Given material –
* * * * * * *

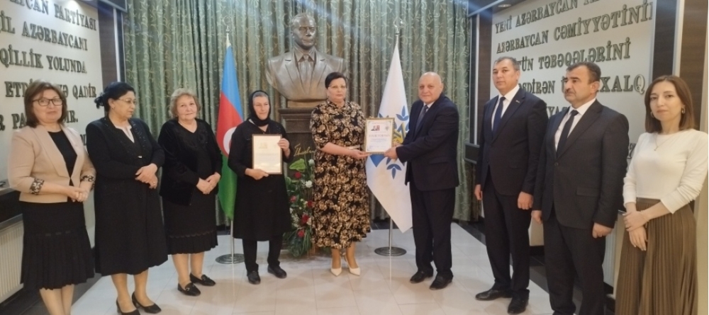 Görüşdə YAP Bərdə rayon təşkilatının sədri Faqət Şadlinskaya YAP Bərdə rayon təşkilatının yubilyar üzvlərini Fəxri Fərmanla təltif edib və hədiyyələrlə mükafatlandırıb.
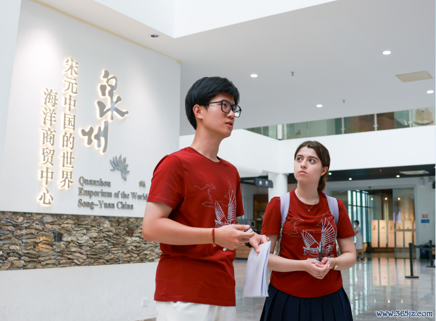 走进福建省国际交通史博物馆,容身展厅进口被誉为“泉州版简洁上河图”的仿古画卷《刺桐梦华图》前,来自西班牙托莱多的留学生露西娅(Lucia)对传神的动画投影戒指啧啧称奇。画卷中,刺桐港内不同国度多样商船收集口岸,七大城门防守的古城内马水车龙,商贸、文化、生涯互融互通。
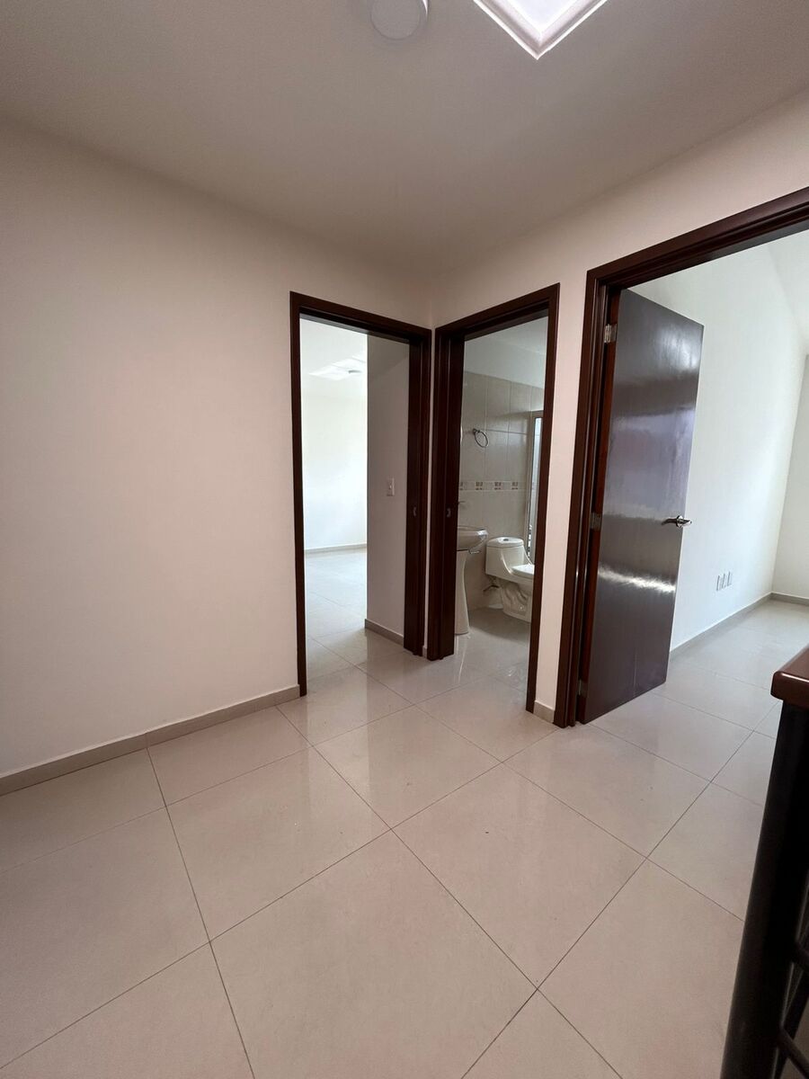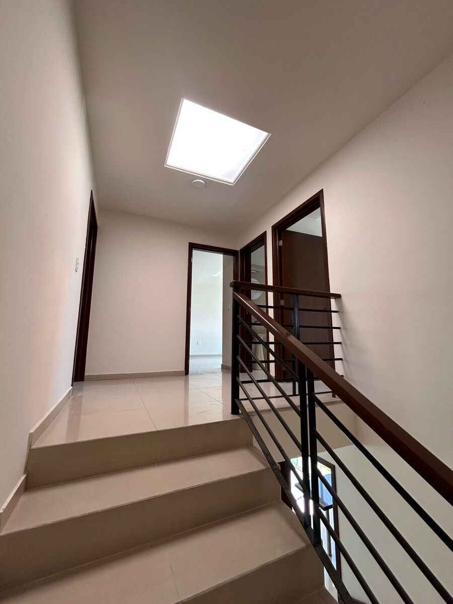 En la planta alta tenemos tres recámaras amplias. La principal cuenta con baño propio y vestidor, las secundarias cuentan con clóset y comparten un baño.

* * * * * * *

Task brief – Transcribe, word for word, only the material from its opening line through the line containing "走进福建省国际交通史博物馆,容身展厅进口", both ends included, and omit the pictures.

Answer box –
 Görüşdə YAP Bərdə rayon təşkilatının sədri Faqət Şadlinskaya YAP Bərdə rayon təşkilatının yubilyar üzvlərini Fəxri Fərmanla təltif edib və hədiyyələrlə mükafatlandırıb.
 走进福建省国际交通史博物馆,容身展厅进口被誉为“泉州版简洁上河图”的仿古画卷《刺桐梦华图》前,来自西班牙托莱多的留学生露西娅(Lucia)对传神的动画投影戒指啧啧称奇。画卷中,刺桐港内不同国度多样商船收集口岸,七大城门防守的古城内马水车龙,商贸、文化、生涯互融互通。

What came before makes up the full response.